Time Series Analysis

A time series consists of observations at discrete equispaced intervals of time.  For example, sales in month t could be denoted as zt and in the previous month by zt-1.  Typically, the objective is to forecast future values of z (such as zt+1) based on present and past values of z and perhaps explanatory variables such as price.

A model in which future values are forecast purely on the basis of past values of the time series is called an autoregressive (AR) process.

A model in which future values are forecast purely on the basis of past shocks (or noise or random disturbances) is called a moving average (MA) process.

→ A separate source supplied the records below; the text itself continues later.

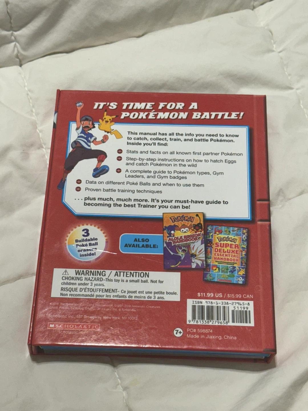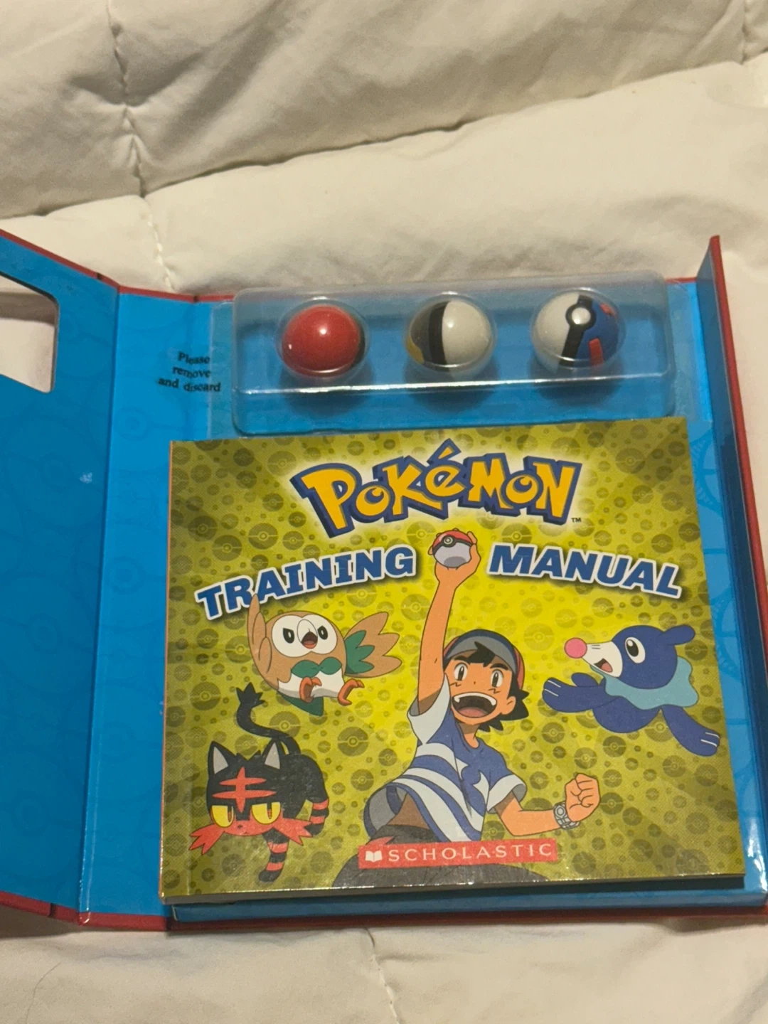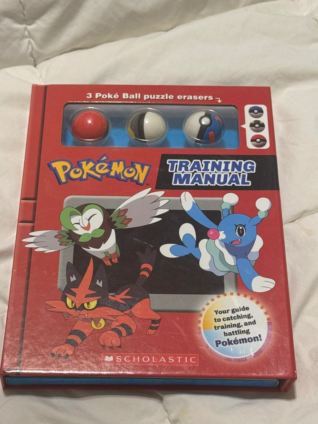 Pokémon Training Manual book, complete with 3 Poké Ball puzzle erasers! A guide to catching, training, and battling Pokémon! It has stats and facts on all known first partner Pokémon and a complete guide to Pokémon types, Gym leaders, and Gym badges! Originally priced at $15.99 CAN plus tax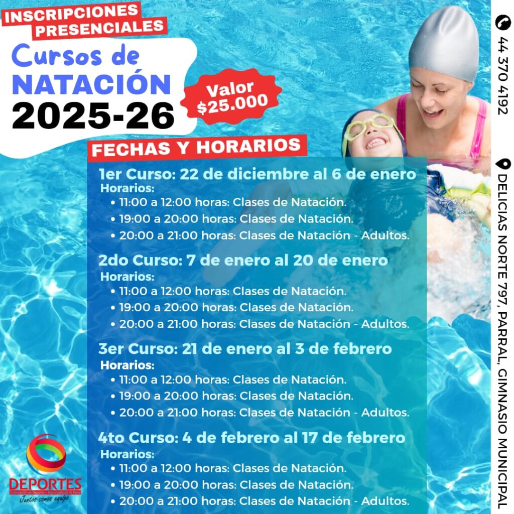Querida comunidad, les comentamos que ya abrimos las inscripciones para una nueva versión de nuestro curso de natación, temporada 2025-26.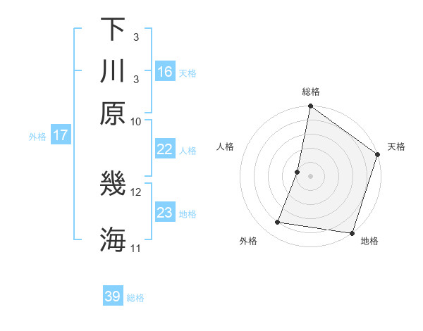 下川原 幾海さんを姓名の画数から五運を鑑定

A model that uses both past values of the time series and past shocks is called an autoregressive-moving average (ARMA) process.

These models assume that the time series is stationary - that is the series fluctuates around a time invariant mean, and the variance and autocovariance (ie covariance between zt and zt-s for all values of s) do not vary with time.  In practice, most time series need to be transformed to achieve stationarity.  To stabilise variance a logarithm transform is often used - appropriate where the variance of the series increases in proportion to the mean.  To stabilise the mean, differencing is usually employed.  For example, first order differencing is xt = zt - zt-1.  First order differencing eliminates "drift" but often it needs to be applied twice to eliminate trend and seasonal differencing is often necessary too.  An ARMA model of a differenced series is called an ARIMA model, where the I stands for Integrated because the output needs to be anti-differenced, or integrated, to forecast the original series.

Most forecasting models also need to account for explanatory variables such as price, advertising, or income.  Often, there are lagged impacts as well as (or instead of) immediate impacts - that is past values of explanatory variables can be important.  Such a model is called a Transfer Function model.  It is similar to a distributed lag regression model except that the residuals (or error series) are modelled as an ARMA model.  The ARMA component makes the model "adaptive" to shocks and changes in trend and level.

Collectively, these models along with the process of identification, fitting, and diagnostic checking are called Box Jenkins models after the authors of the "Bible" on the subject (Time Series Analysis, George E. P. Box and Gwilym M. Jenkins, Holden-Day, 1976).